Work instruction >> Every entry is to be reproduced word for word, but the images are not.

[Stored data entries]
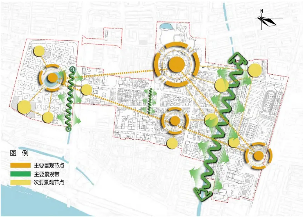 提取宋河在漳州古城歷史演變中的重要組成要素,充分利用宋河水系兩岸景觀及豐富的地熱溫泉資源,亮出宋河沿岸景觀,并通過打造溫泉體驗特色聚集人氣,重現(xiàn)“至誠無息,博厚悠遠”的宋河古韻。以中山公園、僑村西姑池、文廟等主要景觀要素形成主要景觀節(jié)點,結合街巷空間和開放空間形成次要景觀節(jié)點,強化宋河兩岸的景觀空間營造形成景觀帶,以主帶次、點帶連片,形成相互聯(lián)系、相互滲透的有機景觀結構系統(tǒng)(圖9)。
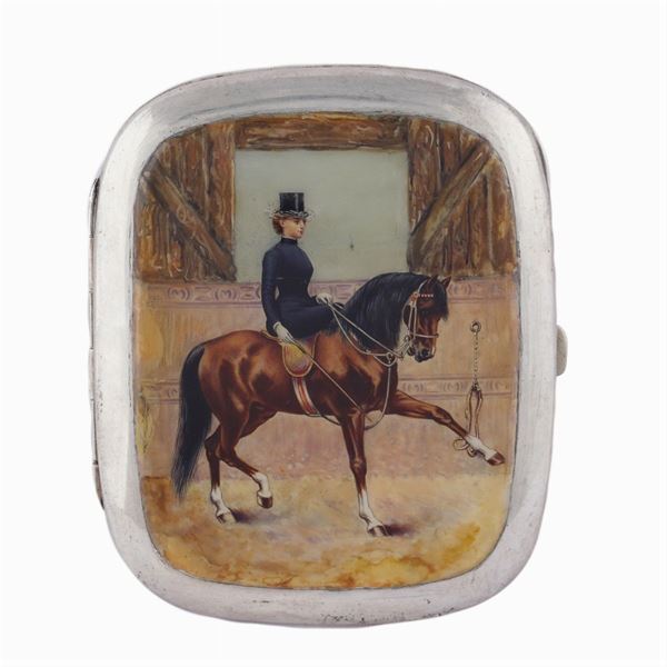 rectangular with rounded corners, decorated lid depicting a female figure riding a horse, smooth back with wears and defects, 1x10x8.5 cm., peso 156 gr.
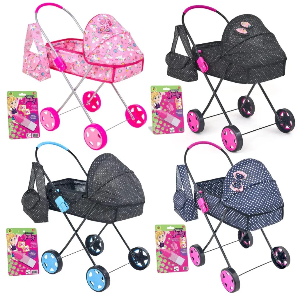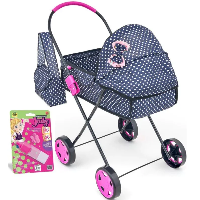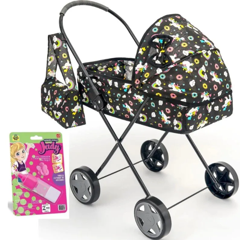 - Carrinho de boneca tipo berço com bolsa e mamadeira inclusas.
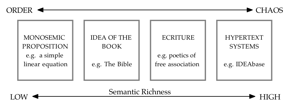 The tendency for linear text to precipitate divergent properties is not new. It has been argued (Knoespel, 1991) that even the most monosemic, stable arguments in mediaeval biblical texts were challenged by familiar (but abductive) examples offered as explanatory metaphors. This points to the presence of chaos near to the centre of the most linear propositions. Knoespel suggests that the 'exemplum' provided the Middle Ages with the means to examine daily life and therefore can be seen as a counter force to the bible. "The 'example' is an advantageous figure with which to consider reading because it not only disrupts our viewpoint by making us refigure the fable but also offers a potential frame for ordering our re-assimilation of the story."
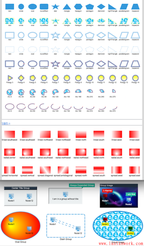 剛才的例子我們提到了一個(gè) Group 類型,這個(gè)類型圖元節(jié)點(diǎn)在 GraphView 上顯示成了組合效果,可雙擊展開合并,可跟隨著孩子節(jié)點(diǎn)的位置大小變化和自適應(yīng)變動(dòng),除了 Node、Edge、Group 外,HT 還提供了 Shape、Polyline、Grid、SubGraph 等多種圖元類型,這些圖元類型都具是有針對(duì)性的展示效果,以滿足各種行業(yè)的基本圖元需求:http://www.hightopo.com/guide...
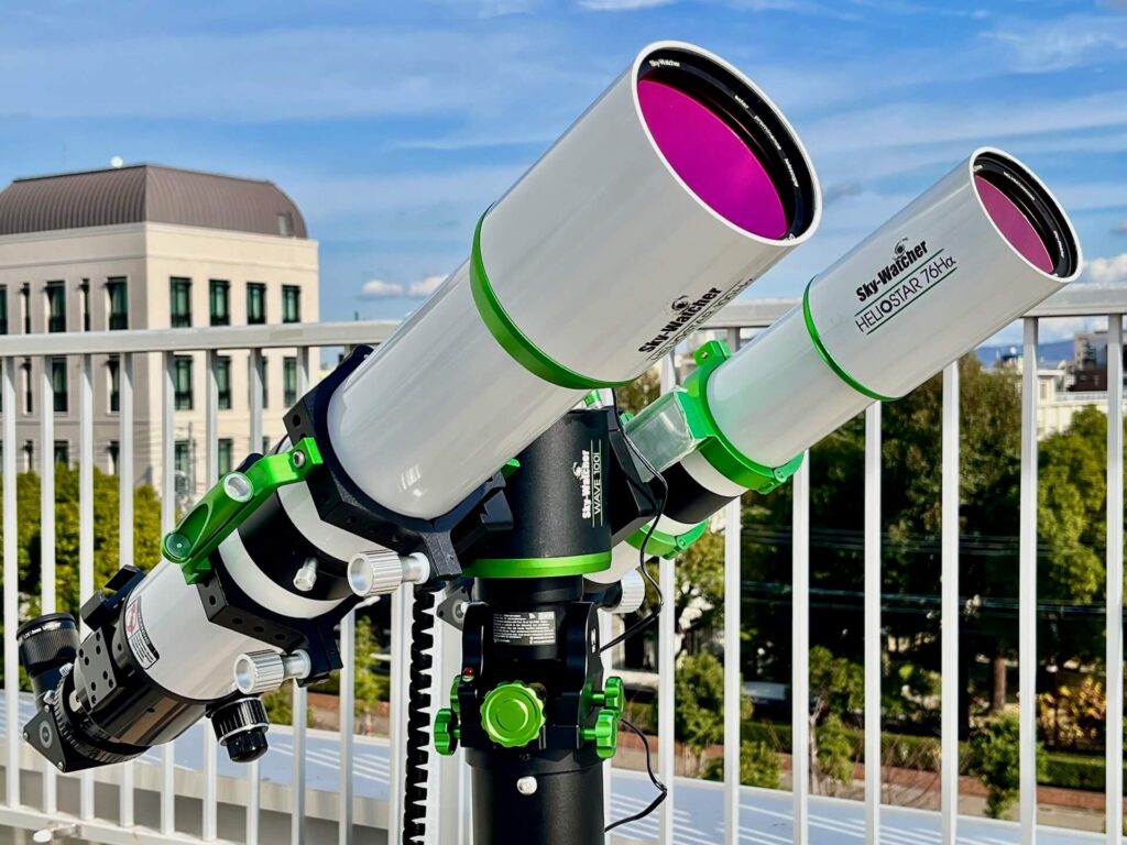 昼はHα太陽望遠鏡、夜は一般的な天体望遠鏡として利用できる「フェニックス」や、人気の「ヘリオスター 76Hα」、さらに新製品「ヘリオスター 100Hα」も登場します。迫力ある太陽の姿を3機種でじっくり観察いただけます。新製品に興味がある方やHα望遠鏡で太陽を見てみたい方など、どなたでもお気軽にご参加ください。
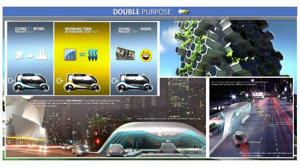 Le città del futuro non saranno più divise in aree funzionali, pensate per le diverse attività che l’uomo compie nella giornata- lavoro, residenza, shopping, relax – ma le funzioni saranno integrate in un luogo mobile che potrà essere l’auto. Le città del futuro saranno costruite ad anelli concentrici con velocità diverse e la mobilità integrata permetterà di coprire le lunghe distanze tra la periferia ed il centro permettendo di compiere diverse attività all’interno dell’auto, una Mobility Lounge che funzionerà da ufficio, da sala relax, da cinema, adatta allo stile di vita urbano.
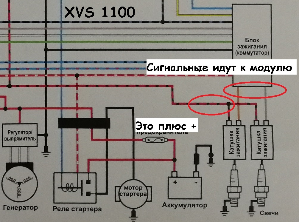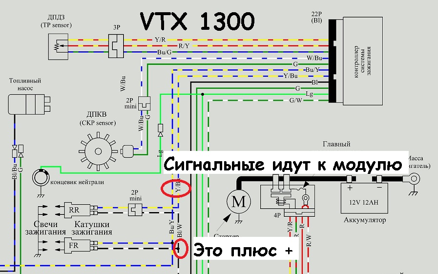 Нужная проводка у VTX 1300 Катушки: Положительный (+): Отрицательный (-):
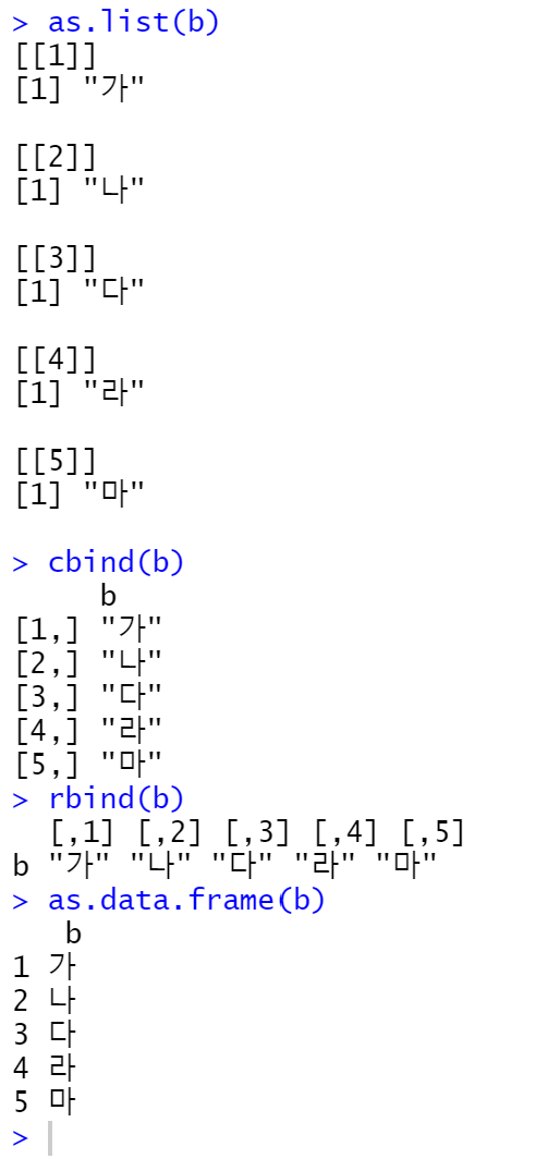 | 데이터 프레임 > 리스트 | as.list(dfrm) | dataframe은 이미 리스트이기 때문에 이 경우 의미 없음. |

Response to this exercise >>
 提取宋河在漳州古城歷史演變中的重要組成要素,充分利用宋河水系兩岸景觀及豐富的地熱溫泉資源,亮出宋河沿岸景觀,并通過打造溫泉體驗特色聚集人氣,重現(xiàn)“至誠無息,博厚悠遠”的宋河古韻。以中山公園、僑村西姑池、文廟等主要景觀要素形成主要景觀節(jié)點,結合街巷空間和開放空間形成次要景觀節(jié)點,強化宋河兩岸的景觀空間營造形成景觀帶,以主帶次、點帶連片,形成相互聯(lián)系、相互滲透的有機景觀結構系統(tǒng)(圖9)。
 rectangular with rounded corners, decorated lid depicting a female figure riding a horse, smooth back with wears and defects, 1x10x8.5 cm., peso 156 gr.
 - Carrinho de boneca tipo berço com bolsa e mamadeira inclusas.
 The tendency for linear text to precipitate divergent properties is not new. It has been argued (Knoespel, 1991) that even the most monosemic, stable arguments in mediaeval biblical texts were challenged by familiar (but abductive) examples offered as explanatory metaphors. This points to the presence of chaos near to the centre of the most linear propositions. Knoespel suggests that the 'exemplum' provided the Middle Ages with the means to examine daily life and therefore can be seen as a counter force to the bible. "The 'example' is an advantageous figure with which to consider reading because it not only disrupts our viewpoint by making us refigure the fable but also offers a potential frame for ordering our re-assimilation of the story."
 剛才的例子我們提到了一個(gè) Group 類型,這個(gè)類型圖元節(jié)點(diǎn)在 GraphView 上顯示成了組合效果,可雙擊展開合并,可跟隨著孩子節(jié)點(diǎn)的位置大小變化和自適應(yīng)變動(dòng),除了 Node、Edge、Group 外,HT 還提供了 Shape、Polyline、Grid、SubGraph 等多種圖元類型,這些圖元類型都具是有針對(duì)性的展示效果,以滿足各種行業(yè)的基本圖元需求:http://www.hightopo.com/guide...
 昼はHα太陽望遠鏡、夜は一般的な天体望遠鏡として利用できる「フェニックス」や、人気の「ヘリオスター 76Hα」、さらに新製品「ヘリオスター 100Hα」も登場します。迫力ある太陽の姿を3機種でじっくり観察いただけます。新製品に興味がある方やHα望遠鏡で太陽を見てみたい方など、どなたでもお気軽にご参加ください。
 Le città del futuro non saranno più divise in aree funzionali, pensate per le diverse attività che l’uomo compie nella giornata- lavoro, residenza, shopping, relax – ma le funzioni saranno integrate in un luogo mobile che potrà essere l’auto. Le città del futuro saranno costruite ad anelli concentrici con velocità diverse e la mobilità integrata permetterà di coprire le lunghe distanze tra la periferia ed il centro permettendo di compiere diverse attività all’interno dell’auto, una Mobility Lounge che funzionerà da ufficio, da sala relax, da cinema, adatta allo stile di vita urbano.
 Нужная проводка у VTX 1300 Катушки: Положительный (+): Отрицательный (-):
 | 데이터 프레임 > 리스트 | as.list(dfrm) | dataframe은 이미 리스트이기 때문에 이 경우 의미 없음. |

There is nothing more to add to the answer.